■ WORK TO COMPLETE: Please restate each entry word for word and leave the pictures out.
■ ■ ■ ■ ■ ■ ■
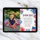 Show your appreciation with our "Little Miss Independent" 4th of July birthday thank you card! Perfect for wrapping up a spirited celebration, this card features bold red, white, and blue colors with playful fireworks and stars. The patriotic design captures the essence of Independence Day, making it a delightful way to thank your guests for their presence and gifts. Customize the card with your personal message to add a heartfelt touch.
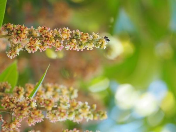 Stingless and solitary bees actively forage for both nectar and pollen, while blowflies and hoverflies visit for nectar only. Stingless bees spent the longest time on each flower, but hoverflies visited more flowers per minute. Owing to their small size, stingless bees fit completely inside the middle of mango flowers and they repeatedly walk around and across the flowers with their abdomen and legs making contact with reproductive parts of the flowers. We observed a positive relationship between fruit set and visitation by stingless bees and blowflies which shows that insect visitations significantly increase fruit set in mango orchards.
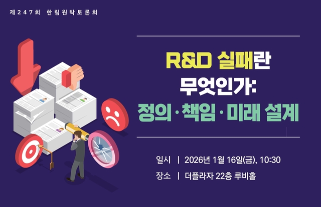 한국과학기술한림원은 16일 오전 ‘연구개발(R&D) 실패란 무엇인가-정의·책임·미래 설계’를 주제로 제247회 한림원탁토론회를 온·오프라인으로 연다고 15일 밝혔다.
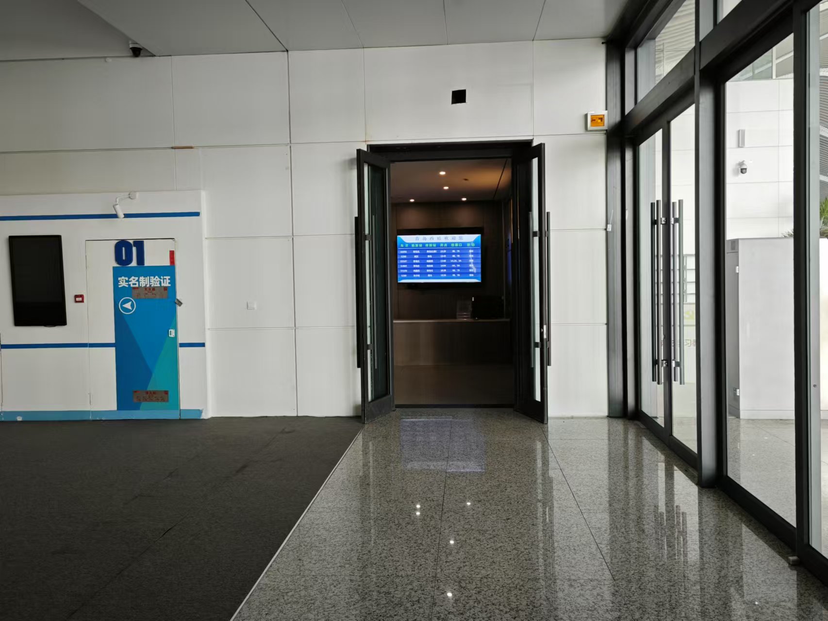 ,安检后, 青岛西站候车大厅安检后靠近1A检票口(到达服务台后由工作人员引导进厅)
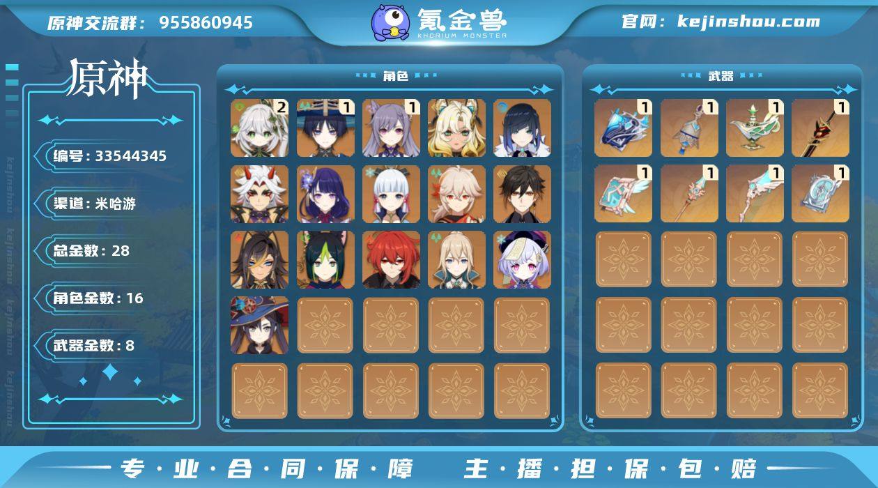 58级/28黄/女主/16个五星角色/8个五星武器 0命迪希雅,1命流浪者,2命纳西妲,0命提纳里,0命夜兰,0命荒泷一斗,0命雷电将军,0命枫原万叶,0命神里绫华,0命钟离,1命刻晴,0命七七,0命琴,0命莫娜,0命迪卢克,0命希诺宁,精1万世流涌大典,精1图莱杜拉的回忆,精1千夜浮梦,精1赤角石溃杵,精1四风原典,精1天空之脊,精1天空之翼,精1天空之卷
■ ■ ■ ■ ■ ■ ■
■ WRITTEN SOLUTION:
 Show your appreciation with our "Little Miss Independent" 4th of July birthday thank you card! Perfect for wrapping up a spirited celebration, this card features bold red, white, and blue colors with playful fireworks and stars. The patriotic design captures the essence of Independence Day, making it a delightful way to thank your guests for their presence and gifts. Customize the card with your personal message to add a heartfelt touch.
 Stingless and solitary bees actively forage for both nectar and pollen, while blowflies and hoverflies visit for nectar only. Stingless bees spent the longest time on each flower, but hoverflies visited more flowers per minute. Owing to their small size, stingless bees fit completely inside the middle of mango flowers and they repeatedly walk around and across the flowers with their abdomen and legs making contact with reproductive parts of the flowers. We observed a positive relationship between fruit set and visitation by stingless bees and blowflies which shows that insect visitations significantly increase fruit set in mango orchards.
 한국과학기술한림원은 16일 오전 ‘연구개발(R&D) 실패란 무엇인가-정의·책임·미래 설계’를 주제로 제247회 한림원탁토론회를 온·오프라인으로 연다고 15일 밝혔다.
 ,安检后, 青岛西站候车大厅安检后靠近1A检票口(到达服务台后由工作人员引导进厅)
 58级/28黄/女主/16个五星角色/8个五星武器 0命迪希雅,1命流浪者,2命纳西妲,0命提纳里,0命夜兰,0命荒泷一斗,0命雷电将军,0命枫原万叶,0命神里绫华,0命钟离,1命刻晴,0命七七,0命琴,0命莫娜,0命迪卢克,0命希诺宁,精1万世流涌大典,精1图莱杜拉的回忆,精1千夜浮梦,精1赤角石溃杵,精1四风原典,精1天空之脊,精1天空之翼,精1天空之卷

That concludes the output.